The sink 7 is designed in a generally annular shape and arranged so that they both the anchor 2 as well as the anchor counterparts 5 encloses in its interior. In the embodiment according to 1 is the coil 7 also arranged so that a direction indicated by a dotted line longitudinal axis 13 the coil 7 perpendicular to the pivot axis 4 of the anchor 2 stands.

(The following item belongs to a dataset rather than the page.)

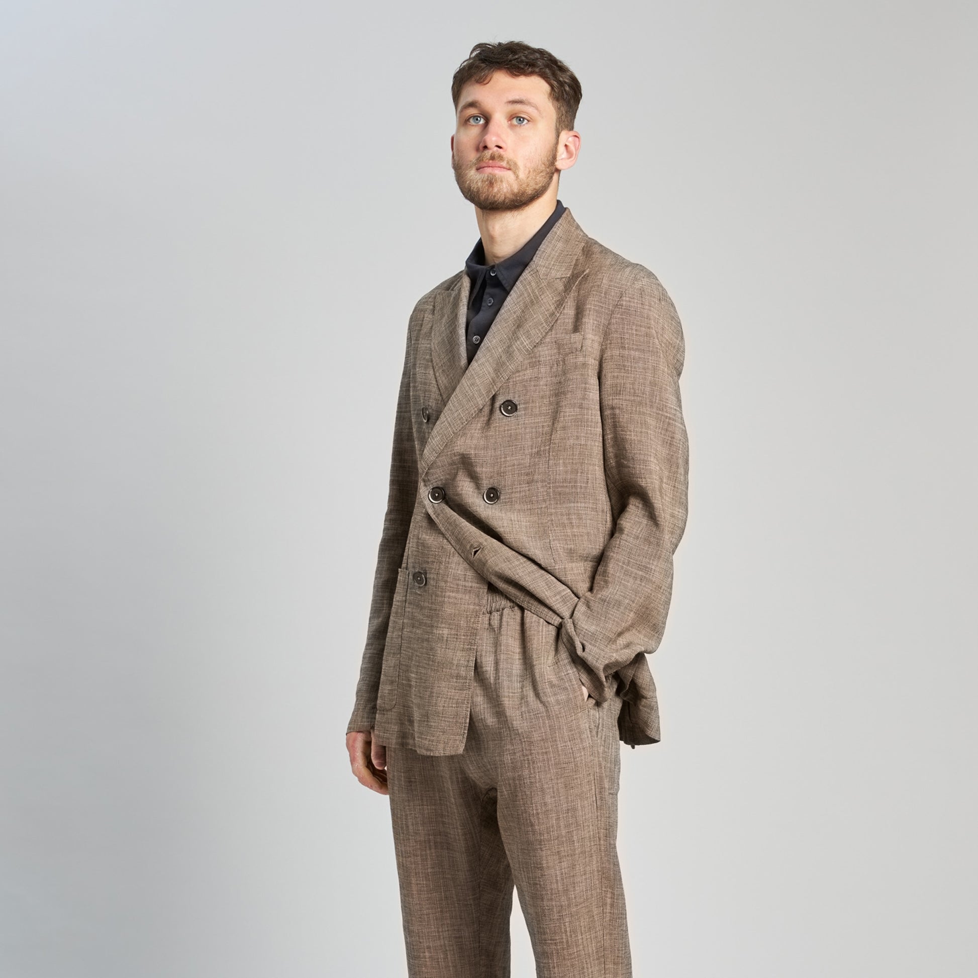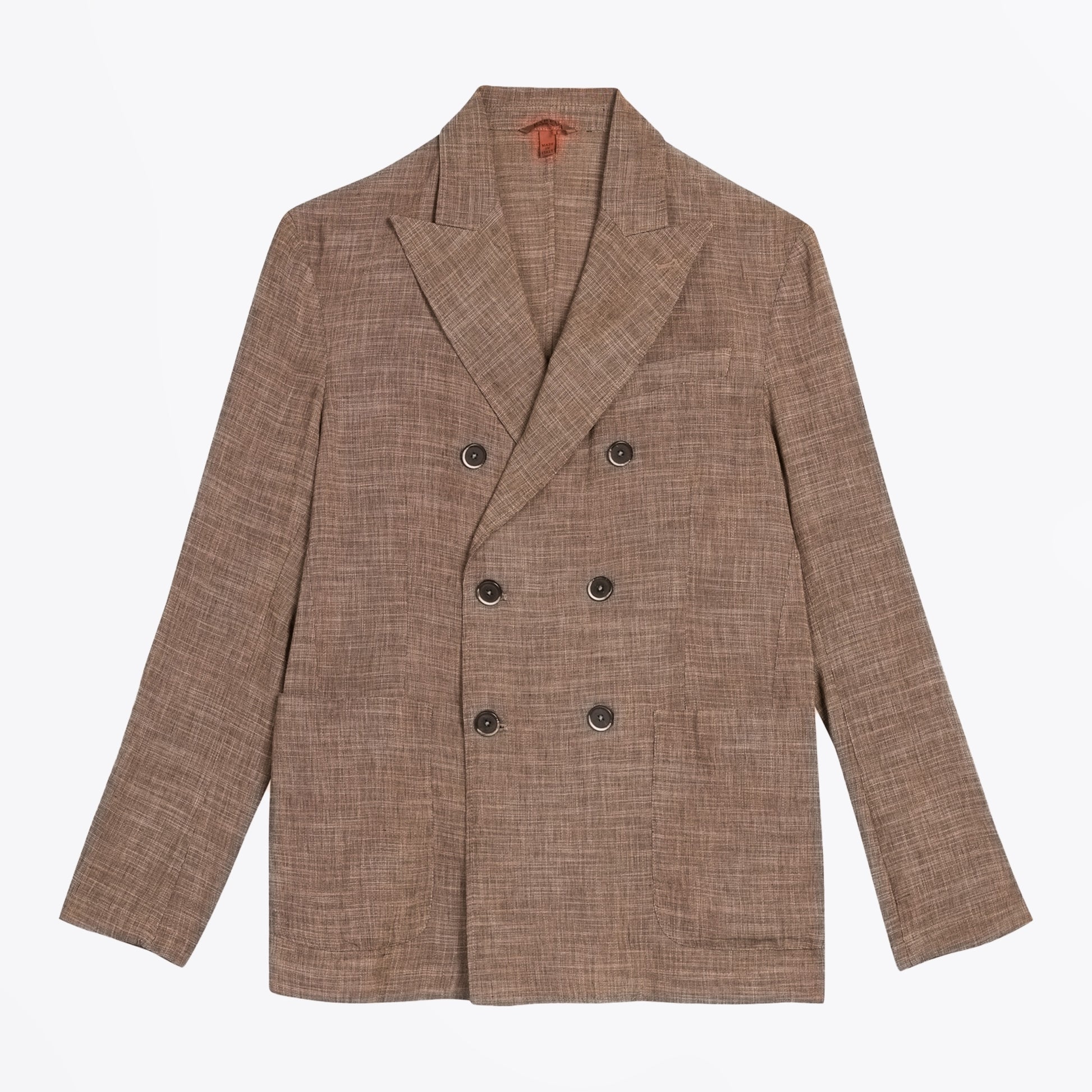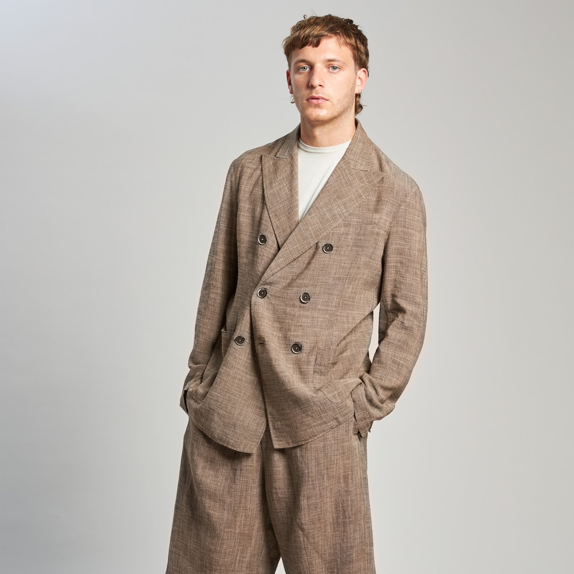 Contemporary designer Barena mimics the qualities of traditional workwear with a modern aesthetic. Precise tailoring, exquisite fabrics, attention to detail and confident versatility are the pillars of the brands philosophy. Crafted in a textured woven material in a brown shade, this double-breasted jacket features a pointed lapel, buttoned cuffs, and two front patch pockets. Easily styled up of down, wear this jacket over a Wax London basic tee and the matching Barena trousers.

In the particular embodiment shown here, the actuator comprises 1 a first yoke body 14 and a second yoke body 15 both of which may be advantageously designed as laminated cores. The individual sheets then run parallel to the plane of the drawing. The first yoke body 14 (in 1 above) for both armature counterparts 5 the first pole faces 8th and a first pitch circle 16 of the inference circle 11 , The first circle 16 in each case leads from the first pole face 8th to a separation point 17 at which the two yoke body 14 . 15 lie together. In a corresponding manner, the second yoke body 15 for both armature counterparts 5 the second pole faces 9 on and in each case a second pitch circle 18 of the inference circle 11 , The second circle 18 in each case leads from the second pole face 9 to the separation point 17 , In this way, the two subcircles 16 . 18 at the separation point 17 interconnected so that the return circuit 11 except for the gap 10 closed is. It is advantageous here that only two components, namely the two yoke body 14 . 15 , required for both armature counterparts 5 to train the yokes.

The sink 7 has, for example in cross-section a conical shape and can be used for assembly before assembling the two yoke body 14 . 15 in one of the yoke body 14 . 15 be used.

As in 1 shown in the gap 10 between the pole faces 8th . 9 the anchor counterparts 5 a permanent magnet 19 be used, with the help of which on the anchor 2 acting forces can be strengthened.

Corresponding 2 can the actuator 1 be configured in another embodiment, that the longitudinal axis 13 the coil 7 coaxial to the pivot axis 4 of the anchor 2 runs, so coincides with this. Also in this embodiment encloses the cylindrical here formed coil 7 the anchor 2 and the anchor counterparts 5 of which only one is shown here. Another peculiarity of in 2 the embodiment shown is with respect to the pivot axis 4 of the anchor 2 symmetrical construction.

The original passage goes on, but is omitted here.